(The data Opens)
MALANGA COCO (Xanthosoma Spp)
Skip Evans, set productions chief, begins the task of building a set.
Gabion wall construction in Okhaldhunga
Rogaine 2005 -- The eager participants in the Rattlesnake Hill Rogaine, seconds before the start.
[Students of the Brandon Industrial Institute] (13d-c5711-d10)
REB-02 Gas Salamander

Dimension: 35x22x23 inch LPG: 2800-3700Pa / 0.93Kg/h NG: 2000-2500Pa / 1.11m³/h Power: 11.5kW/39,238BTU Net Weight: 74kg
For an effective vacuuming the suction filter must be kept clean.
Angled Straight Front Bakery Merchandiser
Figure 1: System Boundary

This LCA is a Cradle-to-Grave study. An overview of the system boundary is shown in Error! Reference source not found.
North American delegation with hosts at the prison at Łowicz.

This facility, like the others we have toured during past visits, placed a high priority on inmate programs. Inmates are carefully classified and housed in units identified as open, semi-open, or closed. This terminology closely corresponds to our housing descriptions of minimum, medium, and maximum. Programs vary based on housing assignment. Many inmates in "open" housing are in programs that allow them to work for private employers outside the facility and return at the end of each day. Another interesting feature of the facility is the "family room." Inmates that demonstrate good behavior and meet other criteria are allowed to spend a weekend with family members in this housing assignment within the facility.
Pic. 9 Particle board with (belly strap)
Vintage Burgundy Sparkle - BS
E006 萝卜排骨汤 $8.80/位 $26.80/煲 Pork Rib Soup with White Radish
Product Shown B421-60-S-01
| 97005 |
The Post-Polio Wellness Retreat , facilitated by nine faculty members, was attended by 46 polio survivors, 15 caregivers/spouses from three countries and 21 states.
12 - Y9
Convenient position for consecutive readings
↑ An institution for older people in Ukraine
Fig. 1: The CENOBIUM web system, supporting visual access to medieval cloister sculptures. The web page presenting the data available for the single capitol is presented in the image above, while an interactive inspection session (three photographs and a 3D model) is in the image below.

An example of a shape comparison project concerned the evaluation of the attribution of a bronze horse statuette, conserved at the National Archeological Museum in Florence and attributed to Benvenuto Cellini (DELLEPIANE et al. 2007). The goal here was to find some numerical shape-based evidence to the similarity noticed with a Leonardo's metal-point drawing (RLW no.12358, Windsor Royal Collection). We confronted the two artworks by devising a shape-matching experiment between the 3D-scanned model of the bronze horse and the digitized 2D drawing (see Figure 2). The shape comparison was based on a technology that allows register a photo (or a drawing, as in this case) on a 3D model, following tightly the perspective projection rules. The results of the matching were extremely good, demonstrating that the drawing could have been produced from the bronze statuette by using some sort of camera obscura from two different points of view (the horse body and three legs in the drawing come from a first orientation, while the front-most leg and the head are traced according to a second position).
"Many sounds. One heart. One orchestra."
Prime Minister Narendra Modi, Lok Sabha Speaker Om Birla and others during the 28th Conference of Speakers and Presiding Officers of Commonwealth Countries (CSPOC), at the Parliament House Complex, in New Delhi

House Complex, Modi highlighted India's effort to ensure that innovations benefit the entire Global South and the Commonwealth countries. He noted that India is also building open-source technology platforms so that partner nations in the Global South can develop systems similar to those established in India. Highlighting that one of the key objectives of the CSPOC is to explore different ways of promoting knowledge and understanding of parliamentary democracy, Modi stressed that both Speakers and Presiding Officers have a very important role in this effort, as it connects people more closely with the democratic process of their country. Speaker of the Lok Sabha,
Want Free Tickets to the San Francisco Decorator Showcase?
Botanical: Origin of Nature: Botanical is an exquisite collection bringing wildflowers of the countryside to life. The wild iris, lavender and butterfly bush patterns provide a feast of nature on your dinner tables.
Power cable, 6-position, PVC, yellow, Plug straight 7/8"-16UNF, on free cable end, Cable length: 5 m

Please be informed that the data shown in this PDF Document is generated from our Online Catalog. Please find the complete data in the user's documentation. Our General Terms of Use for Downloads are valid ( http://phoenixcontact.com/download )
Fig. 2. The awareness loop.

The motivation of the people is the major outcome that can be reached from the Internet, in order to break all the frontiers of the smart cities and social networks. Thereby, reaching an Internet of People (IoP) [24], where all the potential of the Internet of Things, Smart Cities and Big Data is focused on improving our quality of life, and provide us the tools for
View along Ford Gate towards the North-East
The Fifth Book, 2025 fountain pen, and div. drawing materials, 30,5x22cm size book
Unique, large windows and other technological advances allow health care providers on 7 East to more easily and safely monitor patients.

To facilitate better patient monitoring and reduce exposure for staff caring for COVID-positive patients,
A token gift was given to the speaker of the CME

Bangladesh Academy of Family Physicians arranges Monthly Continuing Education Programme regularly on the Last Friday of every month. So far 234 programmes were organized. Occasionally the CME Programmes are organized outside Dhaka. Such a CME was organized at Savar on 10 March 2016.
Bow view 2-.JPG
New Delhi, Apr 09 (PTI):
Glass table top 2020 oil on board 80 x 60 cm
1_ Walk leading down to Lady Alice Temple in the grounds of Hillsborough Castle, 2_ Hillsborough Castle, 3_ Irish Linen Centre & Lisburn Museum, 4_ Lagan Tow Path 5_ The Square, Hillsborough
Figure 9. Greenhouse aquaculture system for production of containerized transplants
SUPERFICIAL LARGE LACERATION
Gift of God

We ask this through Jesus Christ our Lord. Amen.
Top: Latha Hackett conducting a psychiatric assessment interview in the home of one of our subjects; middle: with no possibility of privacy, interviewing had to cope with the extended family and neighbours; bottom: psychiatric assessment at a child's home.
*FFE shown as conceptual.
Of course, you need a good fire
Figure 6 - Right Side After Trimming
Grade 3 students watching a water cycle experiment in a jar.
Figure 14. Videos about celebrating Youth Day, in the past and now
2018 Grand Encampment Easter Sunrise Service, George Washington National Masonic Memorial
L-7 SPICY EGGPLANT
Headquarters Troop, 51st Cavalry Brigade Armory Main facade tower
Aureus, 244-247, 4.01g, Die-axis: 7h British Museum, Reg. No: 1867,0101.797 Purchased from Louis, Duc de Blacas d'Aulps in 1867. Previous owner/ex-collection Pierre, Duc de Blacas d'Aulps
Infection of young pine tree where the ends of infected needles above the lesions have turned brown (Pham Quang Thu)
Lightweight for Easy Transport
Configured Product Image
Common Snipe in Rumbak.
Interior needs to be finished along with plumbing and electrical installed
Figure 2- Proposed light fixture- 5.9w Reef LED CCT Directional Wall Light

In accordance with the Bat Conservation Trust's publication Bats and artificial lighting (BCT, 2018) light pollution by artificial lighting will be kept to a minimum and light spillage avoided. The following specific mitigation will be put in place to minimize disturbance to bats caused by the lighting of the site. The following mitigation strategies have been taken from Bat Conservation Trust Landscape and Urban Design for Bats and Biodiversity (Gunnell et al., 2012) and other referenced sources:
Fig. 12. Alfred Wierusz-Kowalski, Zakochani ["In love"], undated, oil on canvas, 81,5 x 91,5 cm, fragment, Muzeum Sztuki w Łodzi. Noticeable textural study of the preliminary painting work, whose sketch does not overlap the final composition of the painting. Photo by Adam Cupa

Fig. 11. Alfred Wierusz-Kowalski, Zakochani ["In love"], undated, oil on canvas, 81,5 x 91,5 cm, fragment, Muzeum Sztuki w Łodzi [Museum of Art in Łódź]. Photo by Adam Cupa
(The data Closes)
» Problem description
For this exercise, output exactly the lines above from the line with "shown as conceptual." to the line with "2018 Grand Encampment", counting both, and leave out the rest.

» Answer section
*FFE shown as conceptual.
Of course, you need a good fire
Figure 6 - Right Side After Trimming
Grade 3 students watching a water cycle experiment in a jar.
Figure 14. Videos about celebrating Youth Day, in the past and now
2018 Grand Encampment Easter Sunrise Service, George Washington National Masonic Memorial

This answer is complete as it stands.